Closed mckinsel closed 6 years ago
I think this is a great addition as it currently stands, but have a high-level comment about the "formats" table.
Basically, there are two levels of "format" that are conflated:
I'm starting to chafe against the combinatorial blowup already, "stuffing database columns into filenames", e.g.:
Filename | Description |
---|---|
ica_bone_marrow_h5.h5 | 10X HDF5 |
ica_bone_marrow.10x.16m.zarr | 10x HDF5 layout, converted to zarr in 16MB chunks |
ica_bone_marrow.10x.32m.zarr | 10x HDF5 layout, converted to zarr in 32MB chunks |
ica_bone_marrow.10x.64m.zarr | 10x HDF5 layout, converted to zarr in 64MB chunks |
ica_bone_marrow.h5ad | Converted to AnnData's HDF5 format |
ica_bone_marrow.ad.16m.zarr | AnnData's HDF5 format in zarr w/ 16MB chunks |
ica_bone_marrow.ad.32m.zarr | AnnData's HDF5 format in zarr w/ 32MB chunks |
ica_bone_marrow.ad.64m.zarr | AnnData's HDF5 format in zarr w/ 64MB chunks |
These all describe the same data, and can be losslessly converted between one another. (Sorry, I really need to get this stuff into a public bucket and stable code pointer; will do asap, cf. #9)

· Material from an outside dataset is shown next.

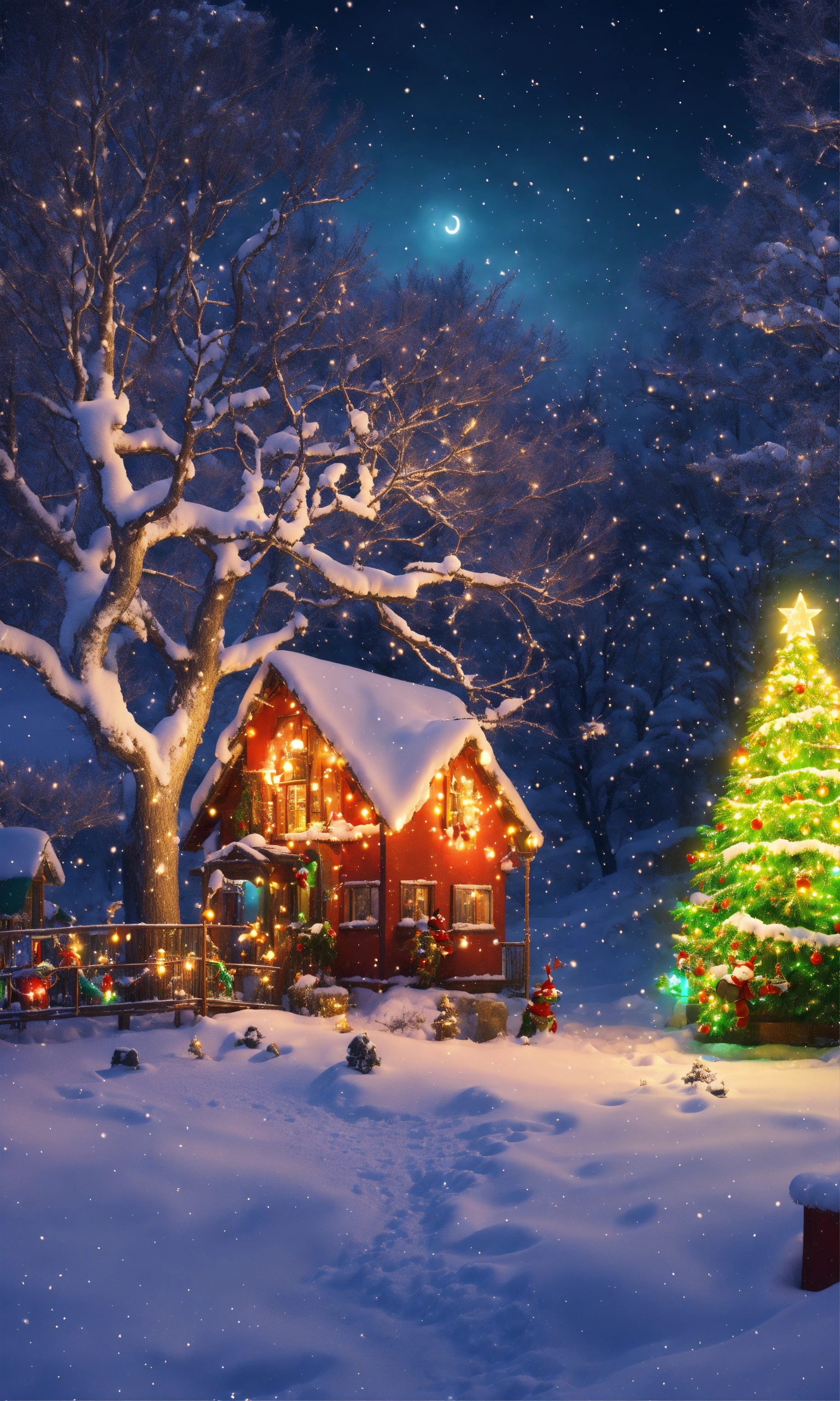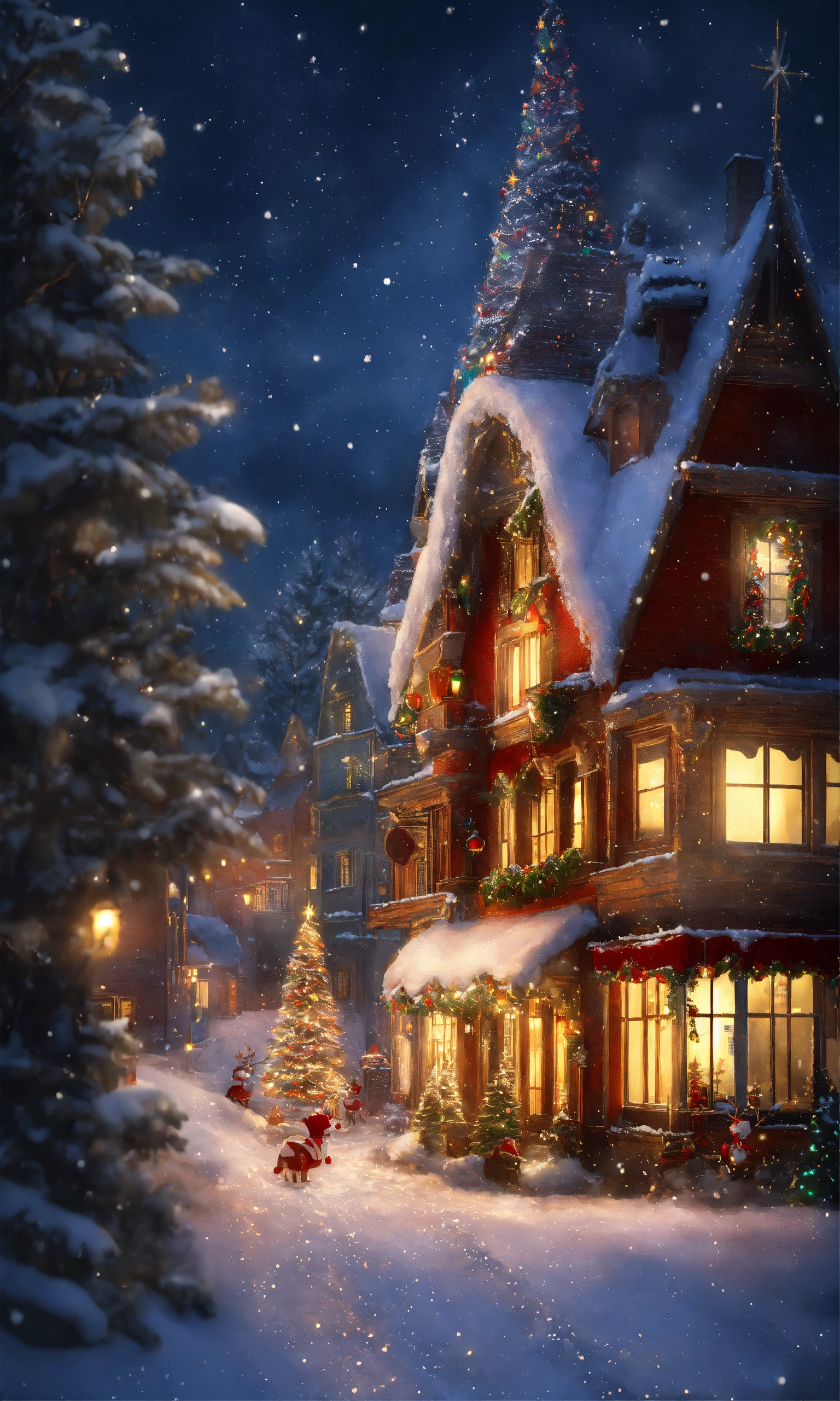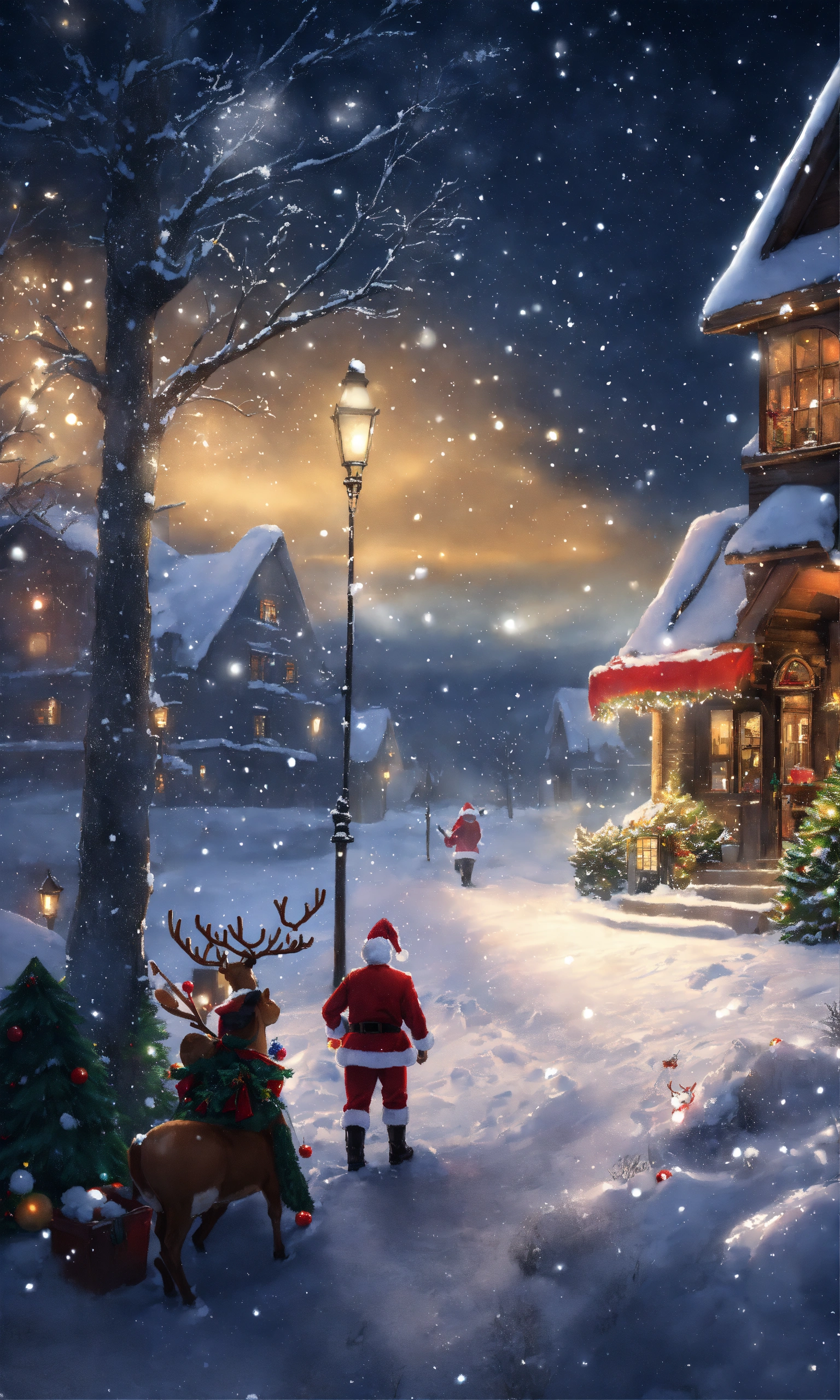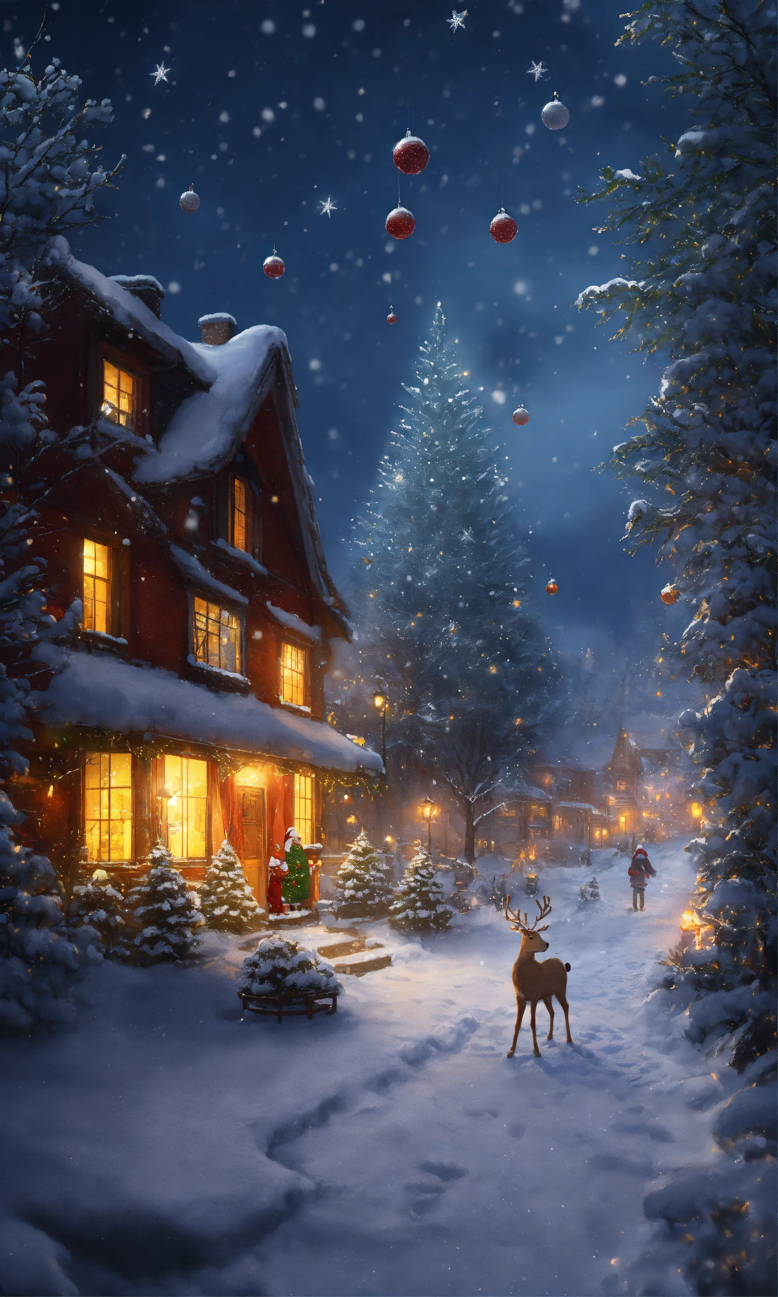 Christmass time, snowy day, highly detailed, ultra trealestic, night time stars, santaclouse raindeer, --chaos 60

So we'll have to decide how we want to deal with this combo-explosion.
My guess is that we can hackily stuff this info into filenames like the above for now, because our goal is mostly to settle on one or a few types of vetted formats+params that will be used more broadly, and in those broader settings ppl won't have to worry about the exponential parameter-space.
OTOH, if there's appetite to take a principled approach to provenance and put all this metadata in [a database that we route accesses to the data through] (presumably this is a focus in larger HCA-land), I'm interested in helping with that too!
Either way, I think that table looks in my mind roughly like {loom, anndata, 10x} x {zarr, hdf5, n5, parquet} x {a few best guesses at additional parameters for each one, like you have here}
Describe the test data, how the tests work, and how to contribute.